„Mit einer optimalen Ressourcennutzung allein wird das Niveau der Patientenversorgung in Deutschland nicht zu halten sein.“ In dieser etwas umständlichen Aussage des „Bündnisses Gesundheit 2000“, das 4,2 Mio. direkt und indirekt Beschäftigte im Gesundheitswesen vertritt, steckt mehr Wahrheit, als es seinen Autoren wahrscheinlich selbst bewußt ist. Auf gut deutsch könnte man auch sagen, daß das Gesundheitswesen angesichts der schweren Wirtschaftskrise auch mit noch soviel Sparen nicht wird gerettet werden können. Nicht nur die gescheiterten Reformversuche sämtlicher Bundesregierungen der letzten 15 Jahre, sondern bereits eine einfache volkswirtschaftliche Rechnung beweisen das.
Die Ursache der Finanzkrise in der Gesetzlichen Krankenversicherung ist nicht die immer wieder behauptete „Kostenexplosion“ – der Anteil der GKV-Ausgaben am Bruttosozialprodukt ist seit 1980 so gut wie konstant geblieben –, sondern die schwere Weltwirtschafts- und -finanzkrise, die auch Deutschland voll erfaßt hat. Durch die immer weiter steigende Arbeitslosigkeit und sinkende Realeinkommen fließen den Krankenkassen immer weniger Einnahmen zu. Aufgrund der geltenden Berechnungsbestimmungen führt schon eine geringe Zunahme der Arbeitslosigkeit zu erheblichen Einnahmeausfällen.
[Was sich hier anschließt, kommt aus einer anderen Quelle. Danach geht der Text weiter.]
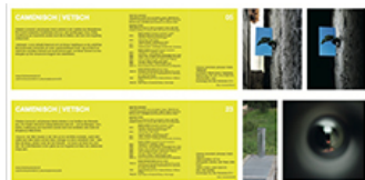
Christine Camenisch | Johannes Vetsch 'Südwand' , Installation, kleiner Baum, Digitalprint, Beleuchtung, 50 x 70 x 50 cm (B/H/T) Objekt 05 Zwischenraum, Laret, Kunstwege/Vias d'art Pontresina 2014
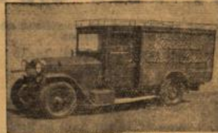
Elvers & Pieper, Friedrichstr. 14
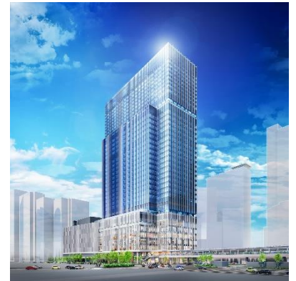
建物外観イメージ（JR大阪駅前から）
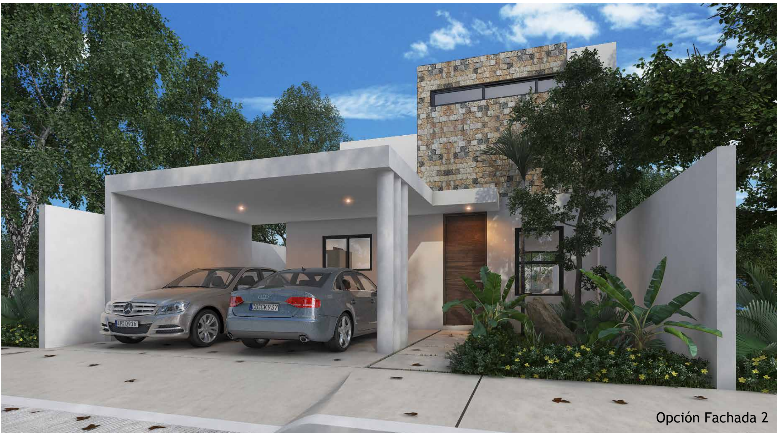
Opción Fachada 2
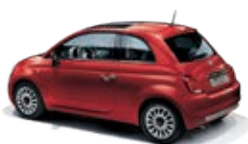
111 Passione Rot
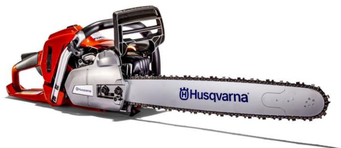
Slika 7.8 Profesionalna motorna pila tvrtke Husqvarna.

Pogon koji se koristi za profesionalne motorne pile je dvotaktni motor s unutarnjim izgaranjem s vanjskim izvorom paljenja. Raspon snage im se kreće od 2 kW do 6 kW. Prema [4].
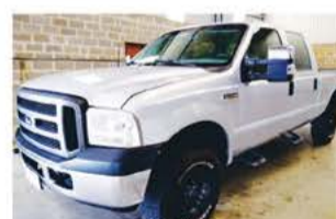
F 250 XLT C. DUPLA ANO 2008
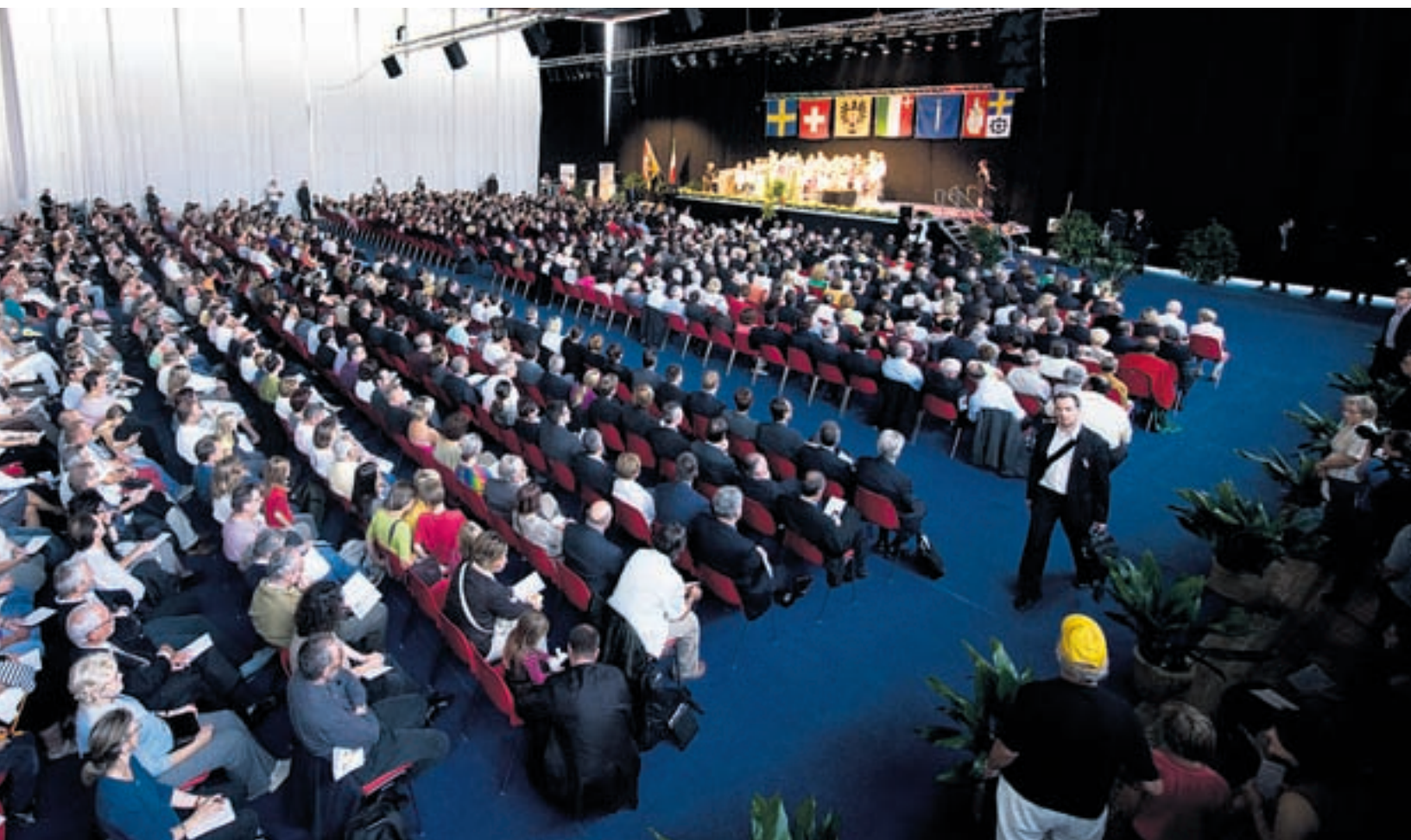
tonales et communales ainsi que de la population de la ville a fêté Didier Burkhalter jeudi passé à la patinoire.
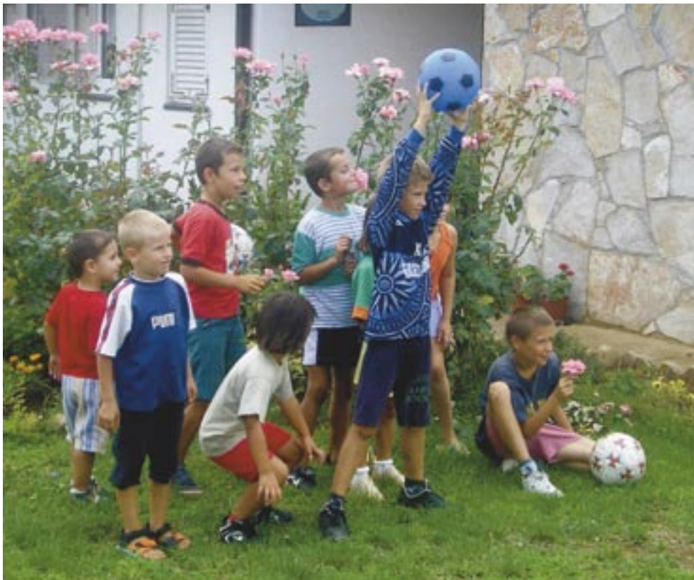
Majčino selo u Bijakovićima

Gospa svojom milošću opet dotakne njegovo srce, produbi vjeru, ražari ljubav, učvrsti nadu.
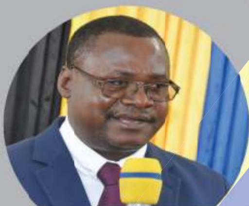
NAIBU KATIBU MKUU (E), OR-TAMISEMI TIXON NZUNDA
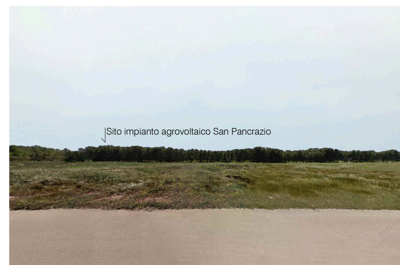
Sito 2: Bosco. Stato di Progetto
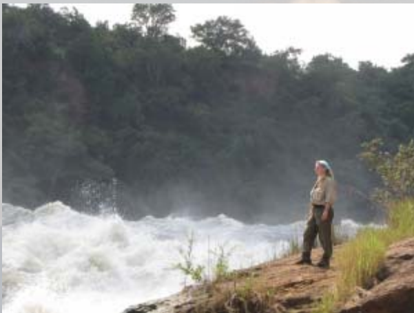
De wilde Nijl stort zich naar beneden.

De weg naar de bovenkant van de watervallen is, net als in dit deel van het park, erg slecht. We zijn in Kampala voor dit stuk gewaarschuwd. Regelmatig gaan hier auto's over de kop. Als we hier later met de groep zijn, zien we op één dag zelfs twee gecrashte auto's.
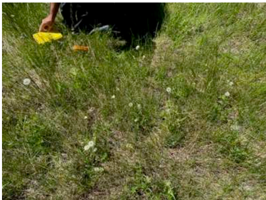
Taraxacum californicum (ca. 40% Reinheit)

Nach einer einstündigen Fahrt kamen wir zum Big Bear Lake. Unsere nächste Aufgabe war das Auffinden von Taraxacum californicum . Die Pflanze hat den zweithöchsten Schutzstatus in Kalifornien 1.B1. Sie ist von weniger als 40 Standorten bekannt. Der natürliche Lebensraum sind feuchte Bergwiesen zwischen 1675m – 2590m in den San Bernardino Mountains. Anhand von 40 Jahre alten GPS-Koordinaten gingen wir auf die Suche, konnten allerdings keine Pflanzen entdecken. Nun ging es weiter in die Big Bear City. Auf einer Feuchtwiese, innerhalb eines Wohngebietes, konnten wir einige Pflanzen finden, die Ähnlichkeiten mit der Art californicum aufwiesen. Hiervon sammelten wir einige Blätter für spätere DNA-Analysen. Das Verschwinden der Art ist auf genetische Verschmutzung zurückzuführen. Taraxacum californicum hybridisiert mit Taraxacum sect. Ruderalia und letztere Art wird sich langfristig durchsetzen.
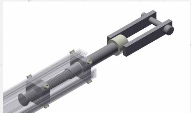
Das verdeckte Gewinde schützt vor Verschmutzung und sorgt für hohe Langlebigkeit und geringen Wartungsaufwand.
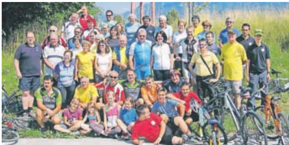
Udeleženci 13. Leškega kolesarskega kroga

Na praznik krajevne skupnosti Lesce so svoj kamenček k praznovanju dodali tudi kolesarji. Lani so bile izredno slabe vremenske razmere, a kljub vsemu so se na leškem kolesarskem krogu zbrali trije najbolj vztrajni in poskrbeli, da se tradicija vsakoletnega kolesarjenja ni prekinila. Letošnja prireditev niti malo ni bila vprašljiva, saj je sončno jutro privabilo na plan še tiste zadnje skeptike, ki so kolebali na kolo da ali ne. Osmo ura je pomenila zbor za tiste, ki so si upali malce več, za pot, dolgo 35 km, ki je vodila na relaciji od Lesc, Radovljice, čez Lancovo, Lipnico, Podnart, Zaloše, Otoče, Posavec, Brezje, Spodnji Otok, Zapuže, Hlebce, Studenčice, Hraše, nazaj do Lesc. Daljše poti se je udeležilo 38 kolesarjev. Še večja udeležba je bila na

Der damalige rheinland-pfälzische Sozialminister Heiner Geißler (CDU) hatte 1974 das Märchen von der „Kostenexplosion“ im Gesundheitswesen erfunden. Seine statistischen Fehlschlüsse wurden zum ideologischen Grundstein für die Kostendämpfungspolitik, mit der das Gesundheitswesen seit über 20 Jahren traktiert wird. Seitdem ist „Gesundheitspolitik“ nur noch GKV-Ausgabendämpfungs-Politik. Über die Defizite des Gesundheitssystems gibt es keine Diskussion mehr, die diesen Namen verdient hätte: Das System sei zu teuer, ineffizient, qualitativ nur mäßig und in erster Linie Profitquelle der Anbieter von Gesundheitsprodukten und -dienstleistungen. Belege für diese Allgemeinplätze werden nicht mehr verlangt. Aus dieser Perspektive ist das Gesundheitswesen ein Faß ohne Boden, in das ständig frisches Geld fließt, was aber nicht den Patienten zugute kommt, sondern den Leistungserbringern.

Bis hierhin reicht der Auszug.